In [1]:
import os
import subprocess
def module(*args):        
    if isinstance(args[0], list):        
        args = args[0]        
    else:        
        args = list(args)        
    (output, error) = subprocess.Popen(['/usr/bin/modulecmd', 'python'] + args, stdout=subprocess.PIPE).communicate()
    exec(output)    
module('load', 'apps/java/jdk1.8.0_102/binary')    
os.environ['PYSPARK_PYTHON'] = os.environ['HOME'] + '/.conda/envs/jupyter-spark/bin/python'

In [2]:
import pyspark

from pyspark.sql import SparkSession
# run Spark locally with K worker threads (ideally set to number of cores)
spark = SparkSession.builder.master("local[2]").appName("COM6012 Spark Intro").getOrCreate()

sc = spark.sparkContext

## Spark:

### 1. Machine Learning Libary：MLlib基于RDD，ml基于Dataframe

In [11]:
df = spark.read.load("../Data/Advertising.csv", format="csv", inferSchema="true", header="true")
df.show(10)

+---+-----+-----+---------+-----+
|_c0|   TV|radio|newspaper|sales|
+---+-----+-----+---------+-----+
|  1|230.1| 37.8|     69.2| 22.1|
|  2| 44.5| 39.3|     45.1| 10.4|
|  3| 17.2| 45.9|     69.3|  9.3|
|  4|151.5| 41.3|     58.5| 18.5|
|  5|180.8| 10.8|     58.4| 12.9|
|  6|  8.7| 48.9|     75.0|  7.2|
|  7| 57.5| 32.8|     23.5| 11.8|
|  8|120.2| 19.6|     11.6| 13.2|
|  9|  8.6|  2.1|      1.0|  4.8|
| 10|199.8|  2.6|     21.2| 10.6|
+---+-----+-----+---------+-----+
only showing top 10 rows



In [12]:
df2=df.drop('_c0')
df2.show(10)

+-----+-----+---------+-----+
|   TV|radio|newspaper|sales|
+-----+-----+---------+-----+
|230.1| 37.8|     69.2| 22.1|
| 44.5| 39.3|     45.1| 10.4|
| 17.2| 45.9|     69.3|  9.3|
|151.5| 41.3|     58.5| 18.5|
|180.8| 10.8|     58.4| 12.9|
|  8.7| 48.9|     75.0|  7.2|
| 57.5| 32.8|     23.5| 11.8|
|120.2| 19.6|     11.6| 13.2|
|  8.6|  2.1|      1.0|  4.8|
|199.8|  2.6|     21.2| 10.6|
+-----+-----+---------+-----+
only showing top 10 rows



In [13]:
from pyspark.sql import Row
from pyspark.ml.linalg import Vectors

def transData(data):
    return data.rdd.map(lambda r: [Vectors.dense(r[:-1]), r[-1]]).toDF(['features','label']) # to vector!!!

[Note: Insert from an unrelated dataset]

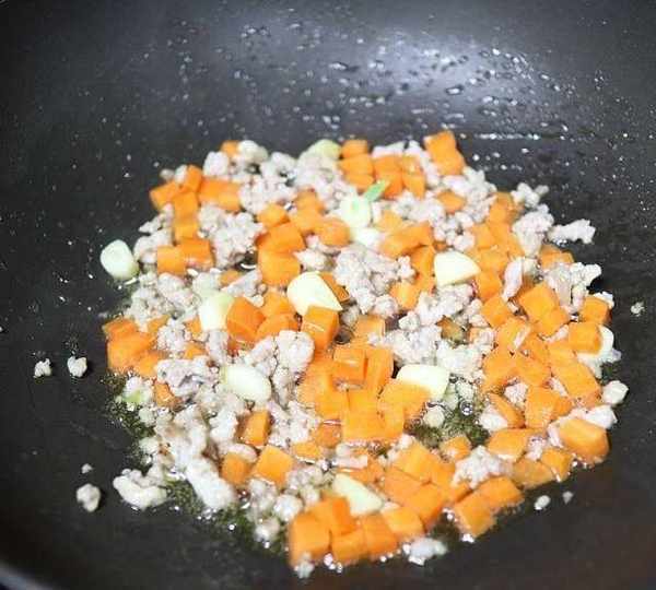 第18步、再將不易熟的胡蘿卜丁入鍋中翻炒變軟。

transformed= transData(df2)
transformed.show(5)

+-----------------+-----+
|         features|label|
+-----------------+-----+
|[230.1,37.8,69.2]| 22.1|
| [44.5,39.3,45.1]| 10.4|
| [17.2,45.9,69.3]|  9.3|
|[151.5,41.3,58.5]| 18.5|
|[180.8,10.8,58.4]| 12.9|
+-----------------+-----+
only showing top 5 rows



In [14]:
(trainingData, testData) = transformed.randomSplit([0.6, 0.4])
trainingData.show(5)

+----------------+-----+
|        features|label|
+----------------+-----+
|  [4.1,11.6,5.7]|  3.2|
| [7.8,38.9,50.6]|  6.6|
|  [8.4,27.2,2.1]|  5.7|
|[11.7,36.9,45.2]|  7.3|
|[13.2,15.9,49.6]|  5.6|
+----------------+-----+
only showing top 5 rows



In [15]:
from pyspark.ml.regression import LinearRegression

lr = LinearRegression()
lrModel = lr.fit(trainingData)
predictions = lrModel.transform(testData)
predictions.show(5)

+---------------+-----+------------------+
|       features|label|        prediction|
+---------------+-----+------------------+
| [0.7,39.6,8.7]|  1.6|10.664774504433545|
| [5.4,29.9,9.4]|  5.3| 8.949608302036614|
|[7.3,28.1,41.4]|  5.5| 8.838411457343703|
|  [8.6,2.1,1.0]|  4.8| 3.510767245321071|
|[8.7,48.9,75.0]|  7.2| 13.21884865276862|
+---------------+-----+------------------+
only showing top 5 rows



In [16]:
from pyspark.ml.evaluation import RegressionEvaluator

evaluator = RegressionEvaluator(labelCol="label",predictionCol="prediction",metricName="rmse")
rmse = evaluator.evaluate(predictions)
print("Root Mean Squared Error (RMSE) on test data = %g" % rmse)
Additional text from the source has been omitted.